Thursday, June 02, 2022

The great Mona Lisa cake mystery

The famous painting was attacked with cake. But why?


The portrait of Lisa Gherardini | Martin Bureau/AFP via Getty Images

BY PAUL DALLISON
June 3, 2022 4:03 am

Welcome to Declassified, a weekly humor column.

Last summer, your author went to Paris (la-di-da, look at the Liberal Elite and their fancy ways). One morning, I woke up and went to Stohrer — the oldest patisserie in the city — for pastries and an éclair (OK, two éclairs and a tarte aux pommes. Back off, calorie police!) and then it was a brisk 10-minute walk to the Louvre (because I was on holiday and that’s what people on holiday in Paris do).

At no point did I consider taking one of my delicious food items and smearing it all over a painting, let alone probably the most famous painting in the world.

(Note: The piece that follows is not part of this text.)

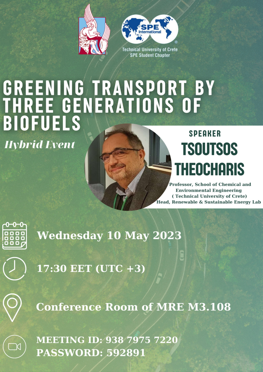 Το Φοιτητικό Παράρτημα της Society of Petroleum Engineers (SPE) στο Πολυτεχνείο Κρήτης διοργανώνει τη Τρίτη 10 Μαΐου 2023 και ώρα 17:30 υβριδική εκδήλωση με προσκεκλημένο ομιλητή τον Δρ. Θεοχάρη Τσούτσο, Καθηγητή της Σχολής Χημικών Μηχανικών και Μηχανικών Περιβάλλοντος (ΧΗΜΗΠΕΡ) του Πολυτεχνείου Κρήτης και Διευθυντή του Εργαστηρίου Ανανεώσιμων και Βιώσιμων Ενεργειακών Συστημάτων.

Yet this week, a man disguised himself as an old woman in a wheelchair and threw a piece of cake at the Mona Lisa.

I have questions.

The Louvre, and indeed all other museums — including the museum of David Hasselhoff paraphernalia in the basement of a Berlin hostel, which features a giant mural of the man himself that used to feature fake (hopefully) chest hair that visitors could stroke but which was removed because, in the words of a hostel worker, the fuzz “got really oily and gross very quickly. People just couldn’t resist touching it!” — let people of all ages and genders in, so why dress as an old woman? Maybe old women get a special ticket at major tourist attractions that allows them to bring in cake.

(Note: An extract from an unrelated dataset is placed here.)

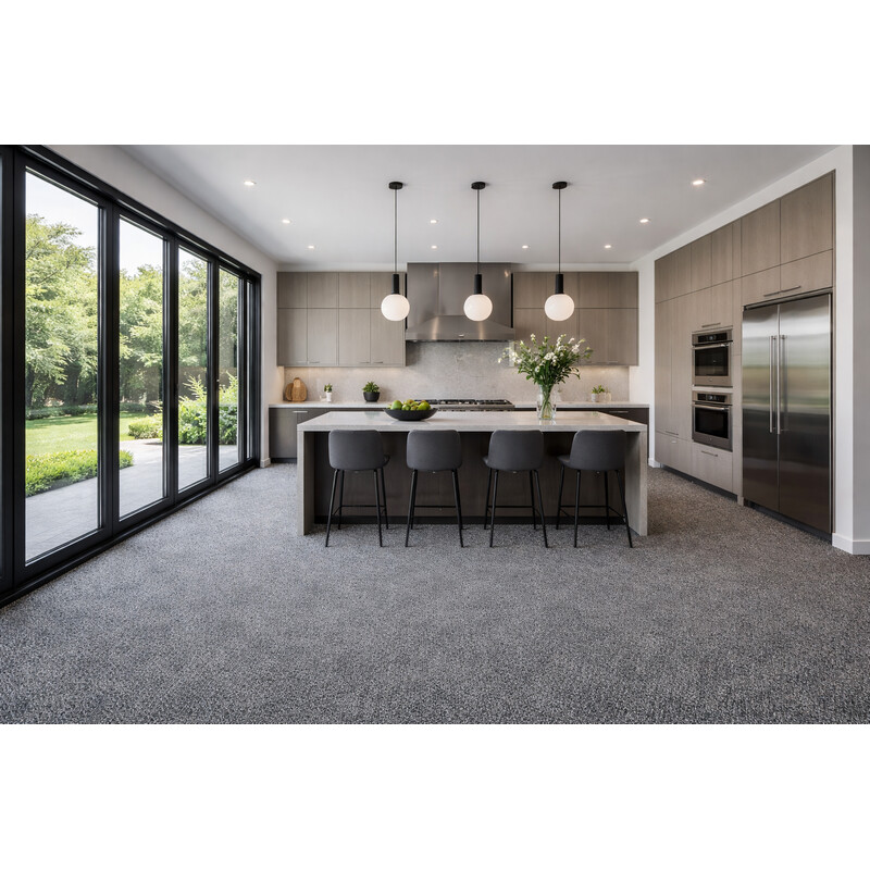 Šedý metrážový koberec Velvet Rock 6994 díky své neutrální barvě ladí ke každému nábytku. Využití najde v domácnostech i komerčních interiérech a položit ho můžete i na mírně zatížená schodiště. Mezi jeho přednosti patří snadná údržba, efektivní izolace chladu či kompatibilita s kolečkovou židlí.

Plus, the painting is protected by a glass screen, so it was less of a protest against artists not focusing enough on saving the planet and more of a protest against the glass-making industry?

Perhaps the cake-thrower was a British Conservtive MP trying to cause a distraction from Boris Johnson’s woes in the wake of the Partygate scandal. Remember, earlier this year Conor Burns, a long-standing ally of the prime minister, said Johnson was “ambushed with a cake” at one of the many lockdown-breaking parties he attended.

Or maybe it was another enemy of German leftist MP Sahra Wagenknecht, who had a chocolate cake smashed into her face in 2016 because of her support for a limit on the number of migrants being let in.

The group behind the German cake attack was the “Anti-Fascist Initiative ‘Cake for Misanthropists'” — maybe they’ve made a rather messy return.